* [Directions for this task]
Begin your copy at the line holding "Thermo Fußsack Klima Zone" and end it at the last line of the listing. Keep every line exact and leave out the pictures.

* [Data listing]

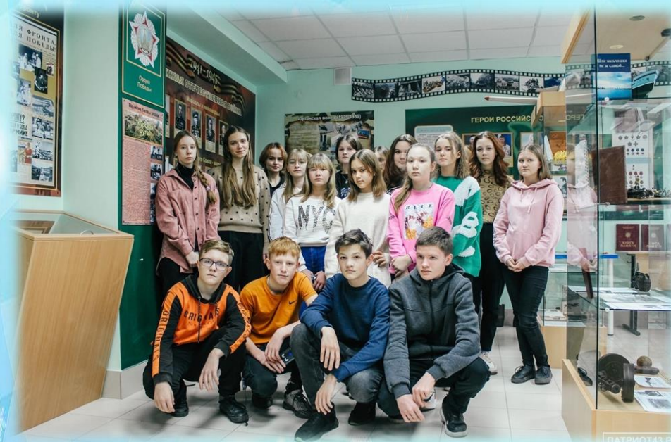
Ученики Нагорской школы в центре «Патриот»

29 ноября учащиеся Нагорской школы посетили выставочный центр системы воспитания и образования Кировской области. В центре «Патриот» ребята побывали на трёх локациях.
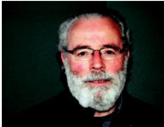
laz Lazkao Txiki hizpide izan zuen Amurizak, Lizardi elkartearekin. HITZA

21:00etan hasiko da Lizardiko afaria, eta ordu eta erdi inguru iraungo duen saioan, bat-bateko aleak entzun ahal izango dituzte bertaratuek ondoren: «Bat-bateko bertsoen aukeraketa egin dut,
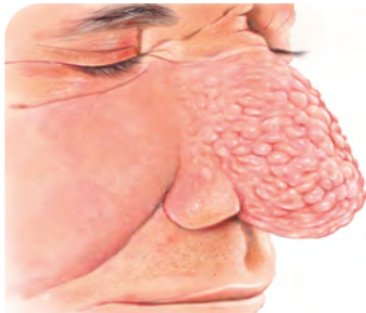
Abb. 1: Vor der Rhinophym-Resektion
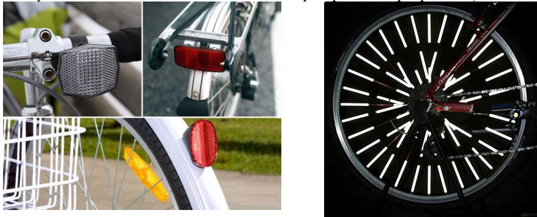
Рис. Проверка фонарей, фар и световозвращающих элементов.

оранжевые – желательно устанавливать на боковых сторонах велосипеда (именно такое расположение позволит вас заметить при проезде перекрестков).
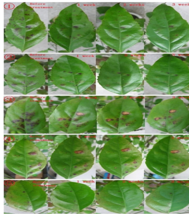
شکل ۱. علائم اولیه از ۵ برگ آلوده به قارچ C. gloeosporioides و نشانه‌های بهبودی پس از تیمار توسط پلازما از هفته اول تا سوم (Xiong et al. , 2014).

قطر ۳۶۰ میکرومتر تشکیل شده است، یک کوارتز فایبر توخالی با قطر داخلی ۴۰۰ میکرومتر و قطر خارجی ۱/۲ میلی متر، و یک بخش لوله‌ای با قطر داخلی ۰/۵ میلی‌متر، که همگی در داخل یک پوشش پلی‌تترا فلور اتیلن که نوعی پلی‌مر با وزن مولکولی بالا است و نسبت به خواص الکتروسیسته عایق است، در اطراف آن قرار می‌گیرد. سیم تنگستن به‌عنوان یک الکتروود ولتاژ بالا، به یک فیبر تو خالی مهر و موم شده و در یک سر دستگاه قرار داده می‌شود. یک فیلم نقره در سطح خارج از لوله شیشه‌ای به عنوان الکتروود زمین عمل می‌کند (Xinng et al. , 2010). این دستگاه همچنین گاز را با جریان استاندارد ۱/۵ لیتر در هر دقیقه، با ولتاژ وسیعی از ۱۵-۰ کیلو ولت در فرکانس ۸/۷ کیلو هرتز از طریق لوله شیشه‌ای تزریق می‌کند. دستگاه پلازما می‌تواند توسط کارشناس در دمای اتاق (۳۰ درجه سلسیوس) بدون هیچ گونه آسیبی به بافت برگ گیاه آلوده به بیمارگر، گازهای مختلف را رهاسازی نماید. معمولاً فاصله بین خروجی از لوله شیشه‌ای و برگ گیاه ۱/۵ سانتی‌متر در نظر گرفته می‌شود (شکل ۲) (Xinng et al. , 2010; Dunlap et al. , 1994). مدت زمان آزادسازی گاز توسط دستگاه پلازما، نباید بیش‌تر از ۲۰ ثانیه باشد، در غیر این‌صورت منجر به آسیب دیدن رگبرگ‌ها و سلول‌های گیاهی می‌شود (Xiong et al. , 2014).
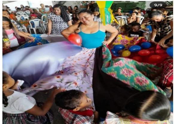
Batalhão Reviver do SCFV para Idosos
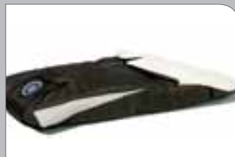
Thermo Fußsack Klima Zone
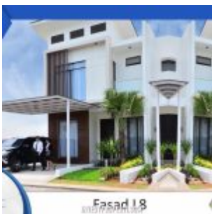
Rumah Cluster Shinano Tipe L8

* [Written answer]
Thermo Fußsack Klima Zone
Rumah Cluster Shinano Tipe L8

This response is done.